[Saved data entries]
---*---
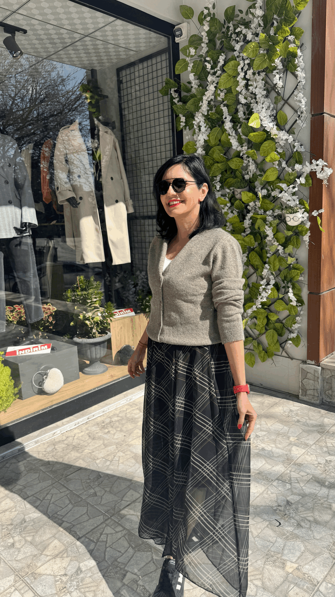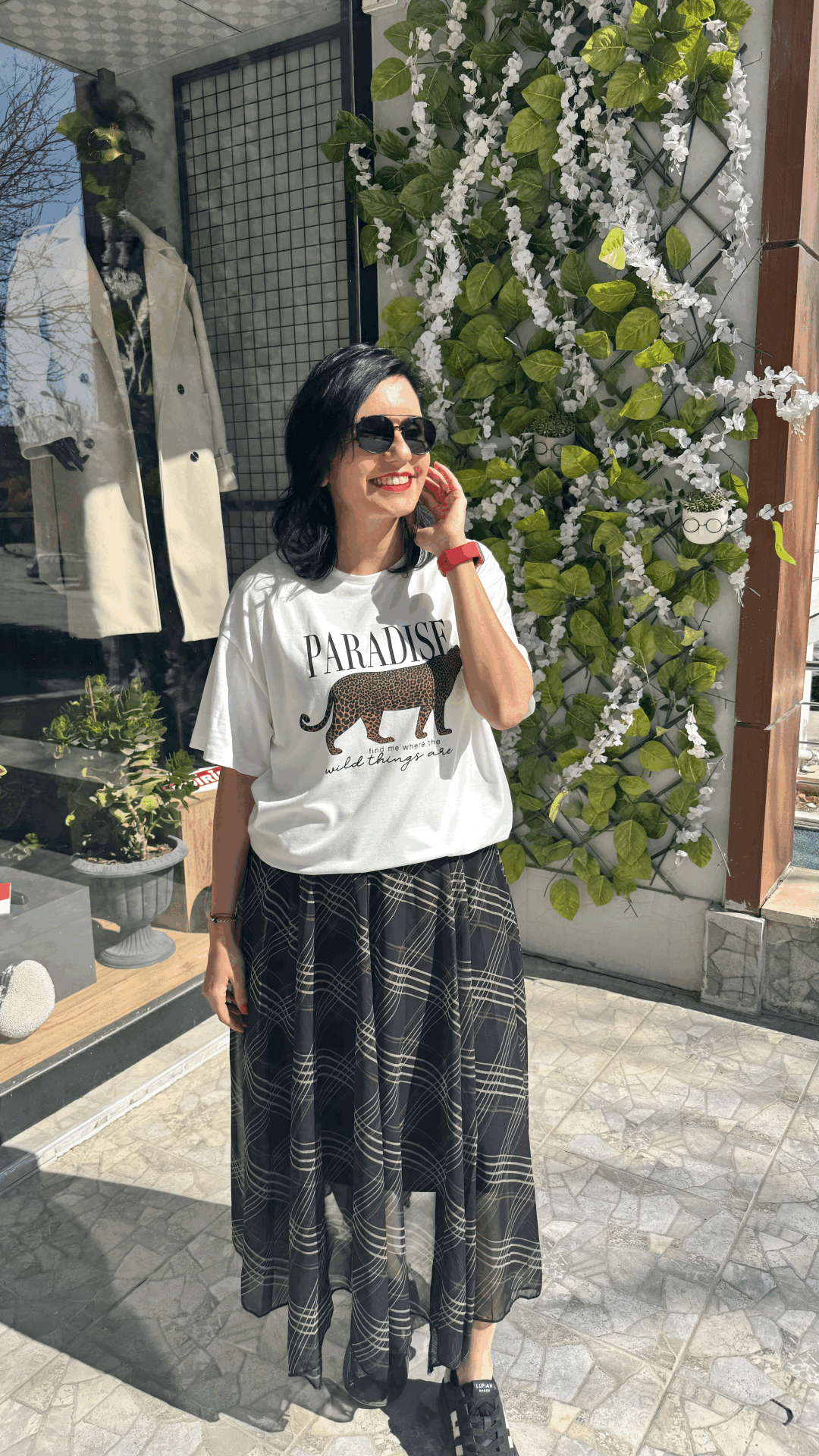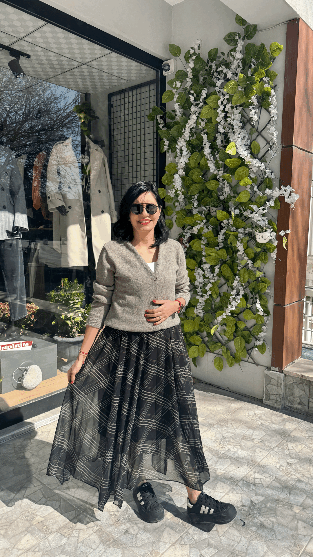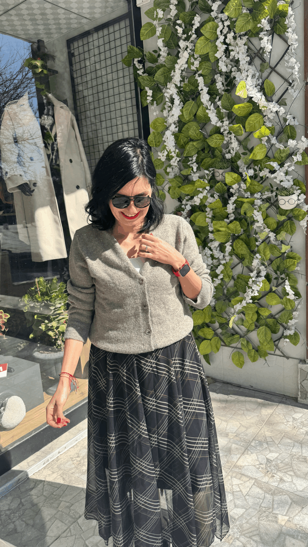 Kahve ve Bej Renkli Asimetrik Şifon Etek
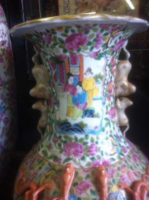 This pair of Rose Medallion vases are spectacular. Dealer 44 once again has an exquisite collection of Asian pottery in both his case and space at Splendid. This pair is priced at $2475.
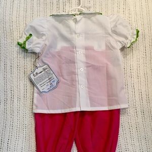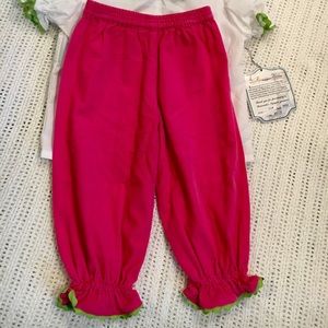 Two piece top and pants with cinched arms and ankles, ric rac lining. Boutique outfit, NWT
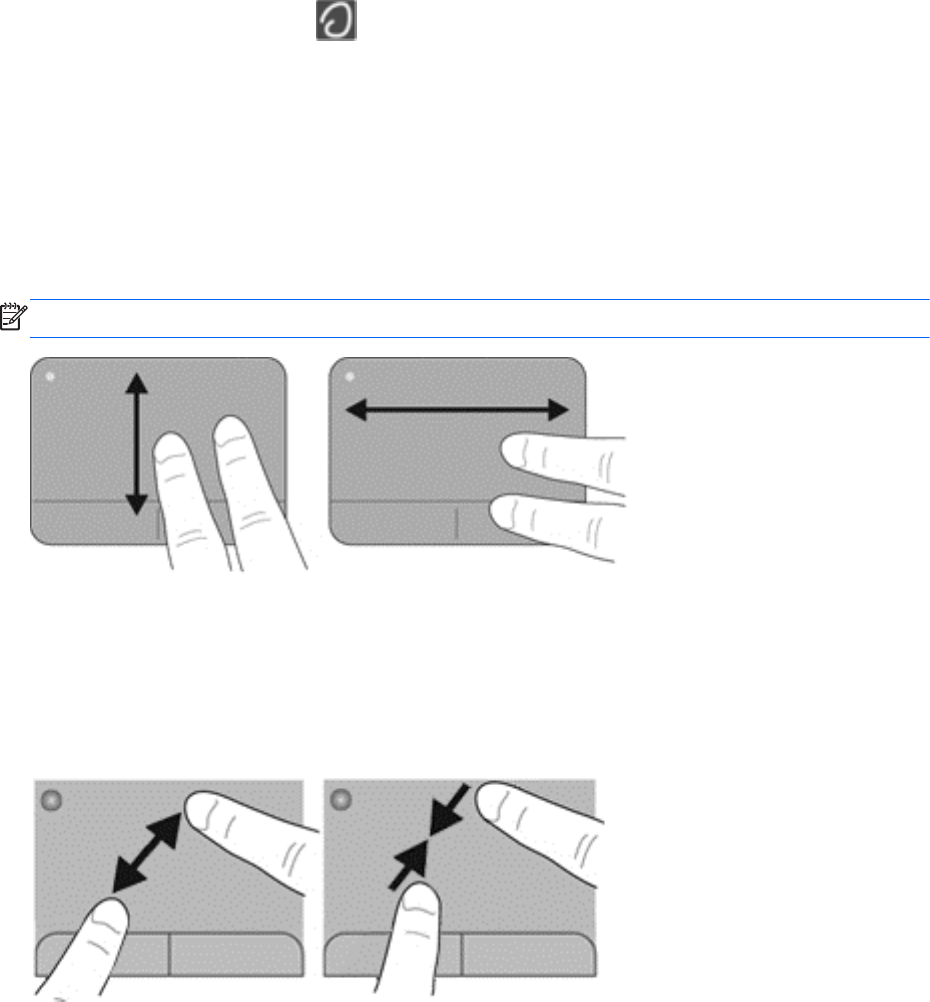 스크롤은 페이지나 이미지를 위아래로 또는 옆으로 이동할 때 유용합니다. 스크롤하려면 터치패드에
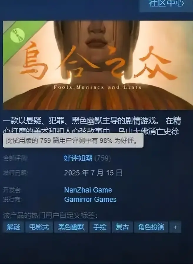 制作人玩什么游戏是他的自由开发者个人喜好 ≠ 游戏立场不应该让一个还没发售的作品“为别人玩什么买单”其实在争议出现之前,《乌合之众》口碑非常稳。7 月 15 日试玩版上线后,超700条评价里,好评率高达 98%。
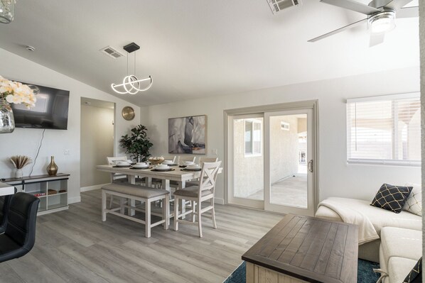 INDOOR LIVING: 2 Smart TVs, books, dining table, walk-in showers, jetted tub, shower/tub combo.
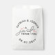 Sacs de mariage en blanc avec un design de typographie noire et des coeurs roses. Sacs de faveur de mariage mignons pour gâteries et bonbons avec un Merci doux dans une belle conception typographique. Sacs de mariage blanc avec texte noir et petits coeurs roses. Mariage traitez les autocollants de faveur en blanc, noir et rose. Mariage traite les sacs personnalisés avec vos noms et date mariage en texte courbe.
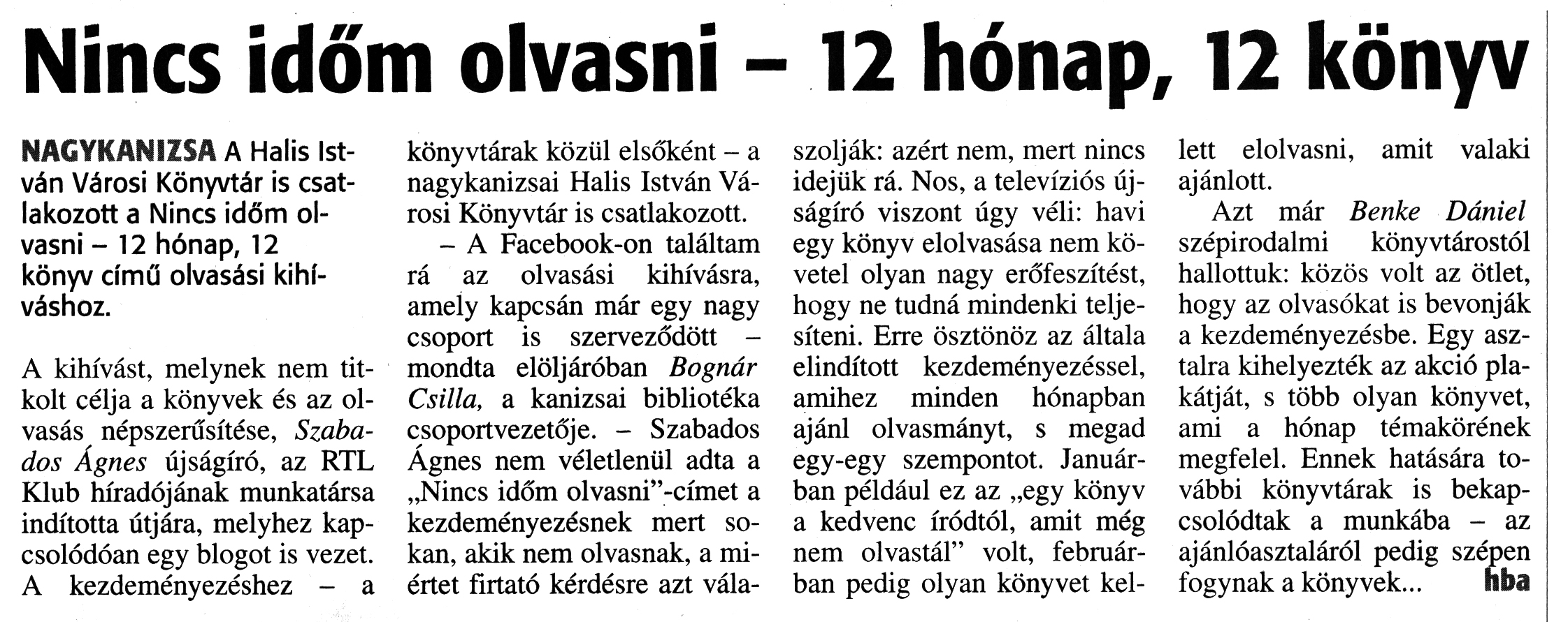 Nyilvános 1737 | 3117 | Zalai Hírlap 2018. március 6. 55. szám 13. oldal | Nincs időm olvasni - 12 hónap, 12 könyv NAGYKANIZSA A Halis István Városi Könyvtár is csatlakozott a Nincs időm olvasni - 12 hónap, 12 könyv című olvasási kihíváshoz. A kihívást, melynek nem titkolt célja a könyvek és az olvasás népszerűsítése, Szabados Ágnes újságíró, az RTL Klub híradójának munkatársa indította útjára, melyhez kapcsolódóan egy blogot is vezet. A kezdeményezéshez - a könyvtárak közül elsőként - a nagykanizsai Halis István Városi Könyvtár is csatlakozott. - A Facebook-on találtam rá az olvasási kihívásra, amely kapcsán már egy nagy csoport is szerveződött -mondta elöljáróban Bognár Csilla, a kanizsai bibliotéka csoportvezetője. - Szabados Ágnes nem véletlenül adta a „Nincs időm olvasni"-címet a kezdeményezésnek mert sokan, akik nem olvasnak, a miértet firtató kérdésre azt válaszolják: azért nem, mert nincs idejük rá. Nos, a televíziós újságíró viszont úgy véli: havi egy könyv elolvasása nem követel olyan nagy erőfeszítést, hogy ne tudná mindenki teljesíteni. Erre ösztönöz az általa elindított kezdeményezéssel, amihez minden hónapban ajánl olvasmányt, s megad egy-egy szempontot. Januárban például ez az „egy könyv a kedvenc íródtól, amit még nem olvastál" volt, februárban pedig olyan könyvet kellett elolvasni, amit valaki ajánlott. Azt már Benke Dániel szépirodalmi könyvtárostól hallottuk: közös volt az ötlet, hogy az olvasókat is bevonják a kezdeményezésbe. Egy asztalra kihelyezték az akció plakátját, s több olyan könyvet, ami a hónap témakörének megfelel. Ennek hatására további könyvtárak is bekapcsolódtak a munkába - az ajánlóasztaláról pedig szépen fogynak a könyvek... hba |
---*---
What is required:
Could you write out every record exactly, leaving the pictures out?

Result below:
 Kahve ve Bej Renkli Asimetrik Şifon Etek
 This pair of Rose Medallion vases are spectacular. Dealer 44 once again has an exquisite collection of Asian pottery in both his case and space at Splendid. This pair is priced at $2475.
 Two piece top and pants with cinched arms and ankles, ric rac lining. Boutique outfit, NWT
 스크롤은 페이지나 이미지를 위아래로 또는 옆으로 이동할 때 유용합니다. 스크롤하려면 터치패드에
 制作人玩什么游戏是他的自由开发者个人喜好 ≠ 游戏立场不应该让一个还没发售的作品“为别人玩什么买单”其实在争议出现之前,《乌合之众》口碑非常稳。7 月 15 日试玩版上线后,超700条评价里,好评率高达 98%。
 INDOOR LIVING: 2 Smart TVs, books, dining table, walk-in showers, jetted tub, shower/tub combo.
 Sacs de mariage en blanc avec un design de typographie noire et des coeurs roses. Sacs de faveur de mariage mignons pour gâteries et bonbons avec un Merci doux dans une belle conception typographique. Sacs de mariage blanc avec texte noir et petits coeurs roses. Mariage traitez les autocollants de faveur en blanc, noir et rose. Mariage traite les sacs personnalisés avec vos noms et date mariage en texte courbe.
 Nyilvános 1737 | 3117 | Zalai Hírlap 2018. március 6. 55. szám 13. oldal | Nincs időm olvasni - 12 hónap, 12 könyv NAGYKANIZSA A Halis István Városi Könyvtár is csatlakozott a Nincs időm olvasni - 12 hónap, 12 könyv című olvasási kihíváshoz. A kihívást, melynek nem titkolt célja a könyvek és az olvasás népszerűsítése, Szabados Ágnes újságíró, az RTL Klub híradójának munkatársa indította útjára, melyhez kapcsolódóan egy blogot is vezet. A kezdeményezéshez - a könyvtárak közül elsőként - a nagykanizsai Halis István Városi Könyvtár is csatlakozott. - A Facebook-on találtam rá az olvasási kihívásra, amely kapcsán már egy nagy csoport is szerveződött -mondta elöljáróban Bognár Csilla, a kanizsai bibliotéka csoportvezetője. - Szabados Ágnes nem véletlenül adta a „Nincs időm olvasni"-címet a kezdeményezésnek mert sokan, akik nem olvasnak, a miértet firtató kérdésre azt válaszolják: azért nem, mert nincs idejük rá. Nos, a televíziós újságíró viszont úgy véli: havi egy könyv elolvasása nem követel olyan nagy erőfeszítést, hogy ne tudná mindenki teljesíteni. Erre ösztönöz az általa elindított kezdeményezéssel, amihez minden hónapban ajánl olvasmányt, s megad egy-egy szempontot. Januárban például ez az „egy könyv a kedvenc íródtól, amit még nem olvastál" volt, februárban pedig olyan könyvet kellett elolvasni, amit valaki ajánlott. Azt már Benke Dániel szépirodalmi könyvtárostól hallottuk: közös volt az ötlet, hogy az olvasókat is bevonják a kezdeményezésbe. Egy asztalra kihelyezték az akció plakátját, s több olyan könyvet, ami a hónap témakörének megfelel. Ennek hatására további könyvtárak is bekapcsolódtak a munkába - az ajánlóasztaláról pedig szépen fogynak a könyvek... hba |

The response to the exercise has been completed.